When Barrus married and left San Francisco, he went to Indian country under a death cloud of friends wiped out by AIDS. The experience shows up in “Genocide” (1988) where the dystopia is very much like the one in Spielberg’s “Artificial Intelligence” and the theme of brothers continues. (AIDS was first recognized and defined in the early Eighties, between the two Barrus books. He married and left San Francisco in 1989.) “Selective Service” and “To Indigo Dust” were written in the next couple of years. I haven’t read them. The first “Nasdijj” book, drawing on the reservation experience, came out in 2000.
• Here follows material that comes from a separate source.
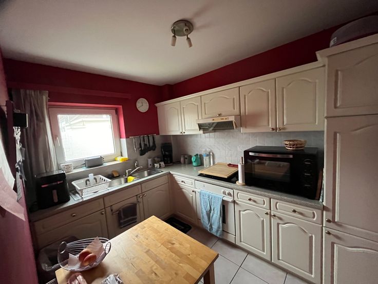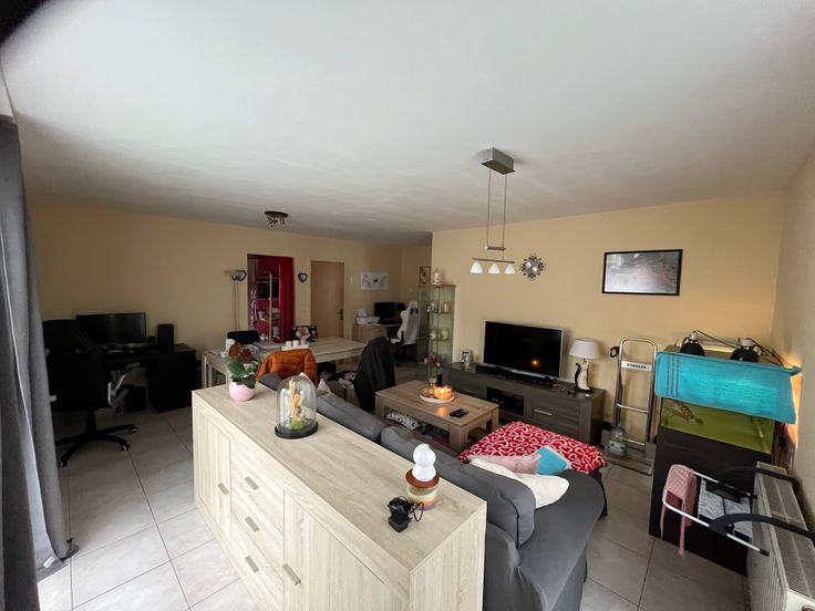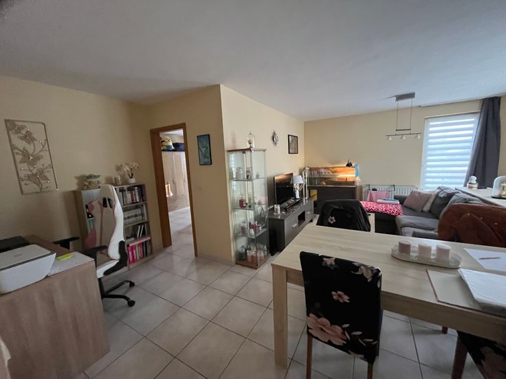 Grand espace Salon-Salle à manger + coin bureau et une chambre spacieuse, Cuisine équipée avec four électrique, taques Gaz, Frigo-Congélateur.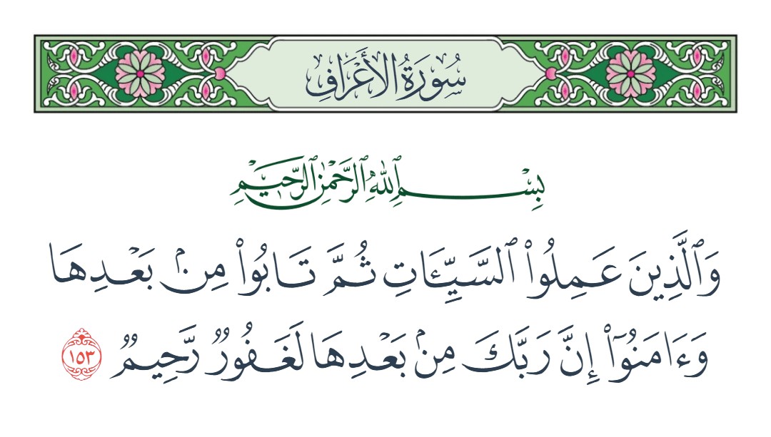 والذين عملوا السيئات ثم تابوا من بعدها وآمنوا إن ربك من بعدها لغفور رحيم [الأعراف : 153]

A writer must spin from his or her inner world of memories and lessons a virtual world with enough detail and narrative drive to carry a reader along. “My Brother, My Lover” does this, though some people will be reading only to get off on the steamy parts, which is always the case with a book that talks about sex. This is not a long book, but it is an earnest one. The tension between a somehow innocent young man in the midst of corruption and the older protective one who tries to advise and save him is the key to Barrus’ double-men, sometimes real brothers and others just kindred spirits or lovers.

Barrus always describes one male as older, stronger, more skillful, without ever letting the more child-like one trigger a semblance of pedophilia. Some of this material has to come out of his own relationship with his abusive father, but more of it seems to come out of a salvific friendship with a peer, a schoolmate, which he has also written about. This is the trustworthy key relationship in a world of hurt.